Then there is the pandering over American jobs. The recent tariff imposed on solar panels shows a profound disconnect over what he is supposed to be good at, namely business. Two plus years of pledges to secure jobs inside the country, and thus far he has demonstrated a lack of clear understanding. This tariff will eventually cause the loss of over twenty thousand jobs in a till now growing industry. An industry, by the way, that supplies a need but also fulfills the promise of a more environmentally friendly industry. Trump’s pandering to worker sympathies vis-a-vís the coal industry is the basest kind of cynical posturing. Environmental concerns aside, coal is a dying industry. It costs too much for too little gain. This is an example of the law of diminishing returns. Of course, this also demonstrates the skewed priorities of the party to which he is attached, in that public outrage over the lost livelihoods of coal workers is met not with any kind of sinecure for the workers but with protectionist legislation for the companies. It would never occur to them to simply pension these workers with full benefits and let the companies die the way companies do. Protect the people working the mines rather than hold them hostage to guaranteed profits for people who will even in the aftermath lose nothing but a bit of power.

Point being, there were ways to approach this that would have been capitalist-friendly and environmentally sound and progressive, but there is a burden of cronyism attached that makes sensible action incommensurable with most of those choices.

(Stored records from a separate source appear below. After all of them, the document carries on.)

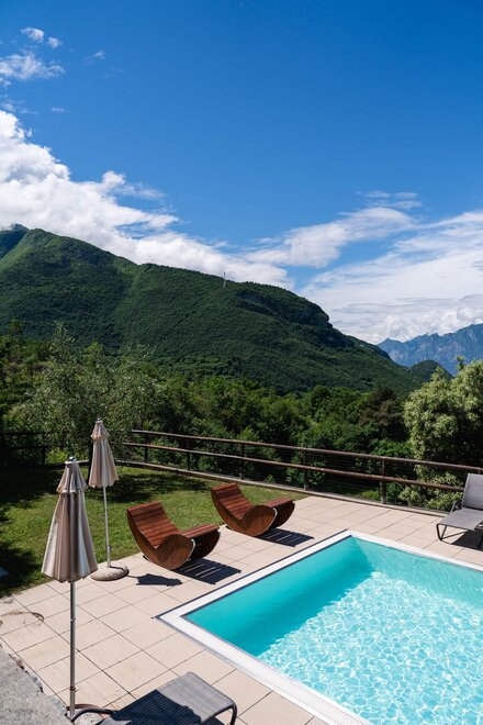 Die Ferienwohnungen Maso Salim befinden sich oberhalb vom charakteristischen Ort Drena, nur wenige Minuten von Arco, dem Kletterzentrum des Gardasees. Inmitten der Natur, umgeben von Weinbergen ist es der ideale Ort für Aktivurlauber und Familien, um sich zu entspannen und dem Outdoor Sport zu widmen. Voll ausgestattete Appartements für 2-7 Personen verschiedener Größe, rustikal in Massivholz, mit Balkon, Kamin und allem Komfort. Vor dem Haus befindet sich eine große Terrasse mit Barbecue und Pizzaofen für romantische Sommerabende, während sich die Kinder am Spielplatz direkt neben dem Haus vergnügen können! Die beeindruckende Berglandschaft bietet unzählige Möglichkeiten zum Wandern, Bersteigen, Mountainbiken und KIettern für alle Ansprüche. In nur 5 Gehmin. erreichen Sie Kletterwände für Fortgeschrittene. Nicht zu verpassen ist auch der Klettersteig Rio Salagoni von Drena! Zum Windsurfen lädt sowohl der nahe Cavedinesee, als auch der Gardasee (15 min) mit seinem Windsurfschulen ein
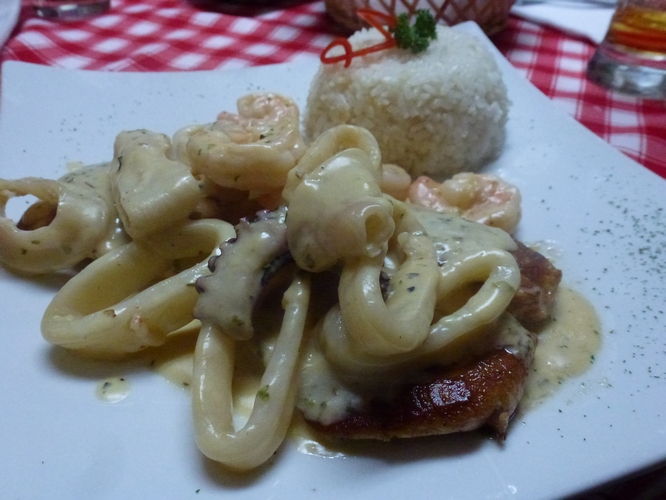El resultado fue un imponente plato de salmón. Un salmón delicioso, correctamente condimentado y recargado con un baño de mariscos acompañado de un timbal de arroz. Un plato realmente soberbio por $6600, aproximadamente unos $86 argentinos ya contemplado el cambio de moneda y el impuesto del 20% por compra en el exterior.
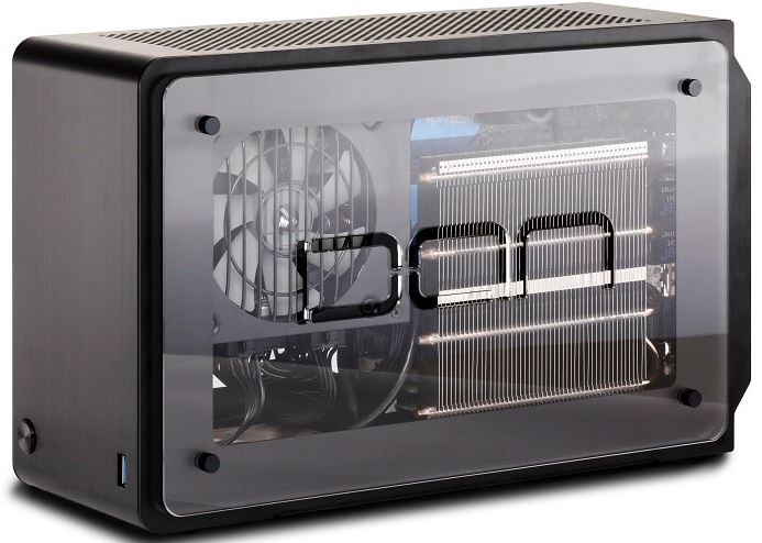 Das nur 33 x 21 x 11 Zentimeter messende Gehäuse bietet Platz für ein (Thin) Mini-ITX-Mainboard und einen bis zu 4,8 Zentimeter hohen CPU-Kühler. Da die vertikal montierte Grafikkarte maximal 30,6 Millimeter groß sein darf, lassen sich auch vergleichsweise potente Gaming-Systeme realisieren. Mit den optionalen Seitenfenster dürfen der CPU-Lüfter und die Speichermodule zudem ein wenig höher sein.
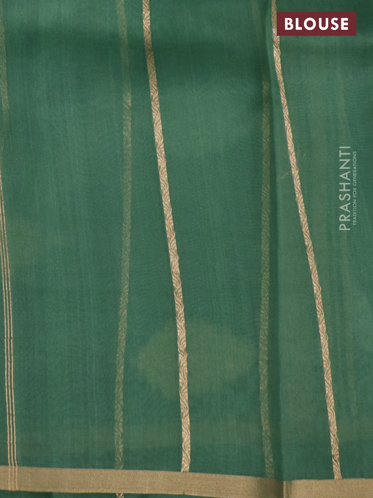 Banarasi organza silk saree pastel green with silver & gold zari weaves and zari woven piping border
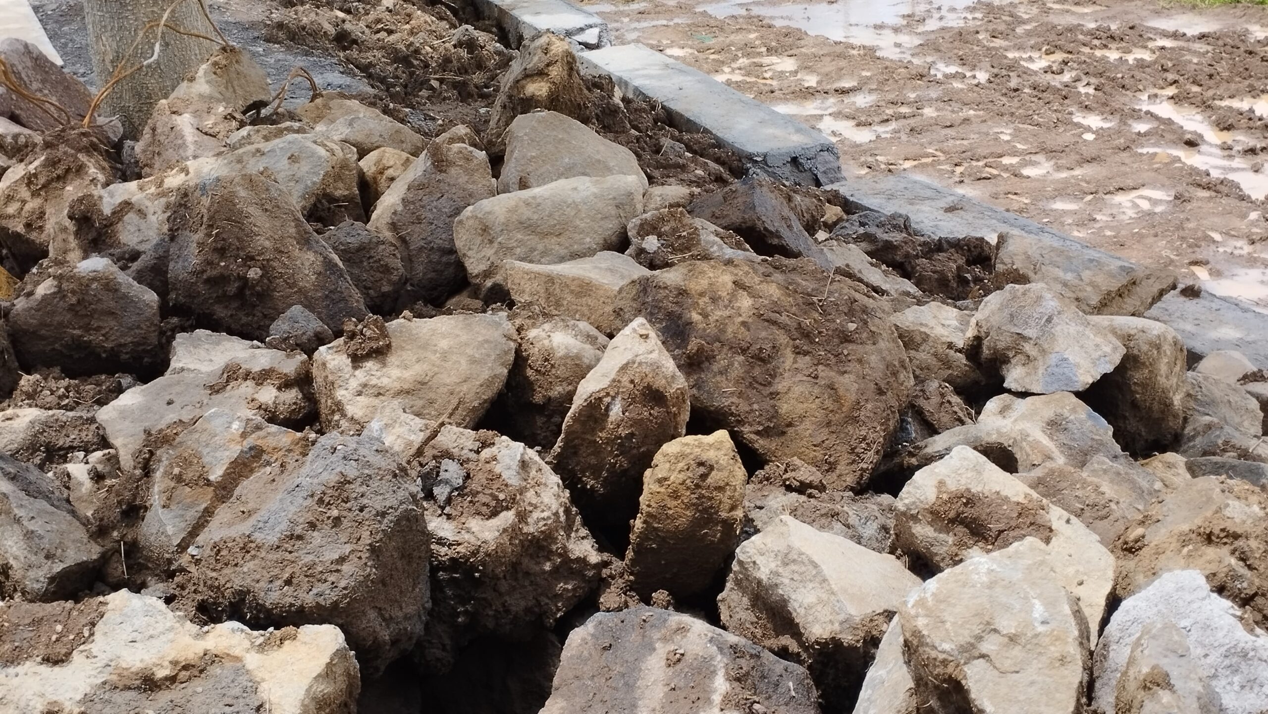 Selain itu, jenis batu yang digunakan juga diduga tidak sesuai spesifikasi teknis. Alih-alih memakai batu belah baru, pelaksana proyek tampak menggunakan batu bekas yang masih menempel sisa semen lama.

One benefit, an unintended one, to be sure, of this presidency is that the stage-managed mendacity of the last twenty years is being undone. Immigration reform, of the kind that would have resolved all the current issues, was proposed by, of all people, Bush. His own party refused to cooperate. Bush, at one time the darling of the GOP, could not get it done. Like other such issues, including abortion, the pattern has been clear and not always party-specific: certain issues make irreplaceable campaign topics. Votes can be garnered by stirring the base with the right rhetoric. Solve these issues, you take those away, and candidates would have to rely on other things, less visceral, on which to campaign. Now there is a president demanding action and threatening to topple the house of cards.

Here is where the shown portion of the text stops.